"Yes, I suppose you must," she admitted reluctantly. "But do be careful, Gordon."
"As careful as I can be under the circumstances," he said cheerfully, and told her that his chief purpose in coming to see her was to thank her again for the service she had rendered him.
"Oh, you don't need to thank me for that. Do you know"—she puckered up her brows in a reflective way—"I've been thinking. It seems very strange to me that Senator Rexhill and Moran should be willing to go to such lengths merely to get hold of this land as a speculation. Doesn't it seem so to you?"
"Yes, it does, but that must be their reason."
"I'm not so sure of that, Gordon. There must be something more behind all this. That's what I have been thinking about. You remember that when Moran first came here he had an office just across the street from his present one?"
"Yes. Simon Barsdale had Moran's present office until he moved to Sheridan. You were his stenographer for a while, I remember." Wade looked at her curiously, wondering what she was driving at.

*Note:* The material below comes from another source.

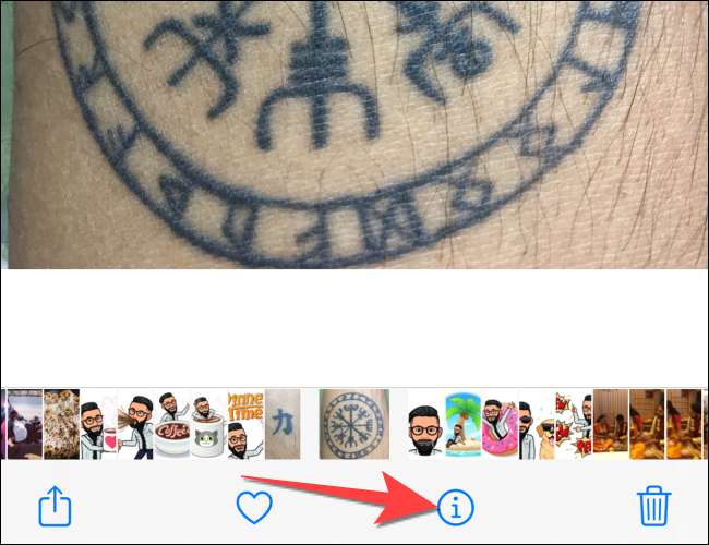 Toque no ícone "i" com um círculo ao redor ou deslize na foto para ver suas informações.

"Moran bought Mr. Barsdale's safe." Her voice sounded strange and unnatural. "I know the old combination. I wonder if it has been changed?"

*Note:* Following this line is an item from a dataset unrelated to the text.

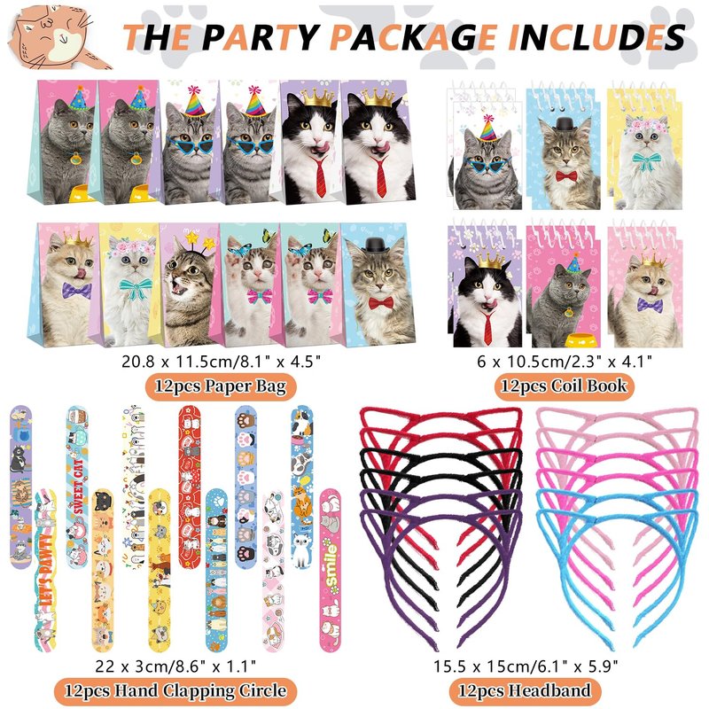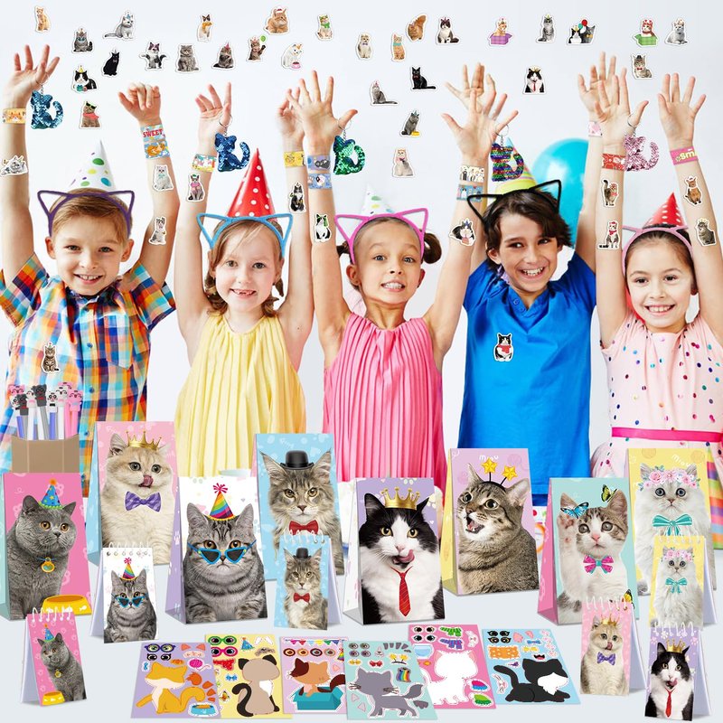 - You Will Get: You will get a total of 139 pieces of cat birthday party favors, 12PCS cat stickers with 6 different designs, 12 Cat Slap Bracelets, 12PCS Cat Ears Headband, 12PCS Cat Animal Mini Notepad, 12PCS Cat Face Pen, 12PCS Cat Keychain, 12PCS Cat Party Favor Bag, 42 sheets of kitten theme stickers, enough quantity and cool styles can meet your needs for various kinds of cat kitten party supplies.

"Lem Trowbridge was saying only this morning," said Wade thoughtfully, for he was beginning to catch her meaning, "that if we could only get proof of something crooked we might...."
"Well, I think we can," Dorothy interrupted.
They looked searchingly at each other in the gathering dusk, and he tried to read the light in her eyes, and being strangely affected himself by their close proximity, he misinterpreted it. He slipped his hand over hers and once more the desire to kiss her seized him. He let go of her hand and was just putting his arm around her shoulders when, to his surprise, she appeared suddenly indignant.